Dal punto di vista politico è stato determinante anche il successo di uomini e donne radicalmente alternativi all’attuale sistema economico. Non tanto per gli incarichi che hanno ricoperto, quanto per il minuzioso lavoro di costruzione del consenso sociale che hanno svolto. Da questo punto di vista, Bernie Sanders e Alexandria Ocasio-Cortez negli Stati Uniti ne sono l’esempio per antonomasia. I due politici democratici hanno stravolto l’agenda del Paese che aveva inventato il neoliberismo, ponendo al centro dell’agone politico temi come il salario minimo garantito, la sanità pubblica gratuita per tutti e la tassazione dei più ricchi. A questo bisogna aggiungere le proteste in tanti Paesi del mondo contro le disuguaglianze economiche, a cominciare dall’America Latina, e quelle dei giovani di Fridays For Future e Extinction Rebellion in difesa dell’ambiente, che hanno mostrato al mondo il nesso tra l’attuale sistema economico e la distruzione del pianeta.

Flashmob della Extinction Rebellion, Natural History Museum, Londra (2019)
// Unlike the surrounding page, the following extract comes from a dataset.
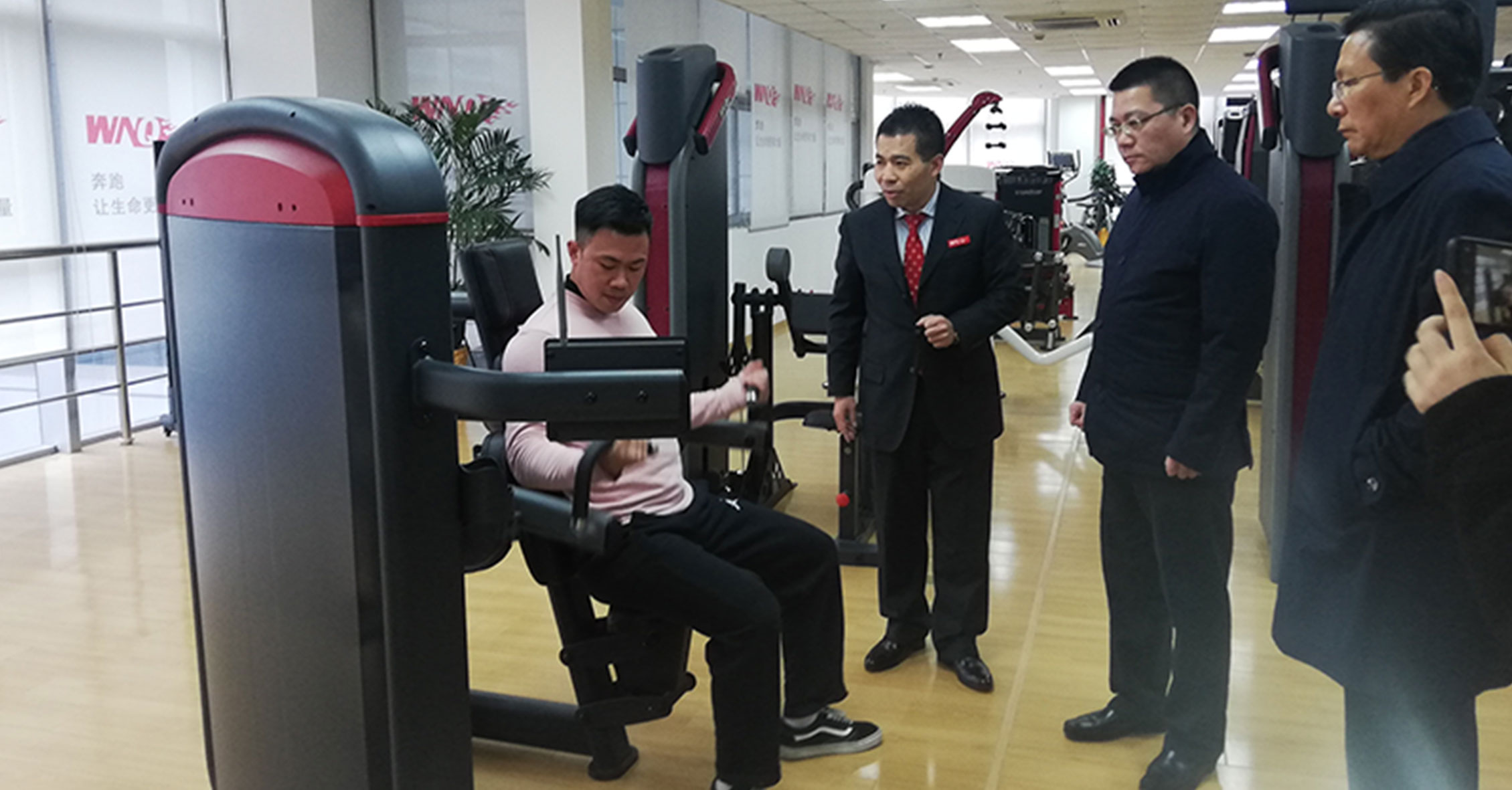 许副局长一行先参观了z6.com器材展厅,对我们的企业文化、发展情况、健身器材产品等进行了详细了解,并重点关注了2018年z6.com推出的F1-7000美格力量单站系列、W2000变形金刚系列和F4、F6跑步机等新品,z6.com的力量单站产品大管径的优质选材、源自美国的外形设计和新品跑步机的智能化等特点深得领导一行的肯定。

Una volta preparato il terreno culturale, concettuale e sociale per il cambiamento, è arrivato il coronavirus, il grande catalizzatore di tutti questi elementi. Davanti alla necessità di un lockdown e alla tragedia umana e sociale della pandemia, i Paesi di tutto il mondo non hanno potuto fare a meno che intervenire massicciamente nell’economia per tutelare cittadini e imprese. Al contrario della crisi dei mutui subprime del 2008, complicata e difficile da raccontare, la risposta da proporre davanti all’emergenza Covid-19 era palese a tutti: continuità del reddito, investimenti pubblici, distribuzione più equa delle risorse, protezione dei posti di lavoro e prestiti garantiti per le aziende per evitare fallimenti. Tutte cose che il libero mercato da solo non avrebbe potuto garantire in nessun modo.

Antonio Gramsci

Se da una parte il neoliberismo è ormai fortemente contestato, dall’altra parte non è chiaro quale paradigma economico lo seguirà. Ci troviamo probabilmente in quella che Antonio Gramsci, nei suoi Quaderni del carcere, considerava essere l’essenza della crisi moderna: un crollo di autorità, una messa in discussione dell’egemonia culturale dove le persone si staccano dalle vecchie ideologie (in questo caso, il neoliberismo) e non credono più a ciò che prima era dato per scontato. Ma allo stesso tempo non si sa cosa verrà e si corre il rischio tangibile di una possibile involuzione. Con le parole di Gramsci: “La crisi consiste appunto nel fatto che il vecchio muore e il nuovo non può nascere: in questo interregno si verificano i fenomeni morbosi più svariati”.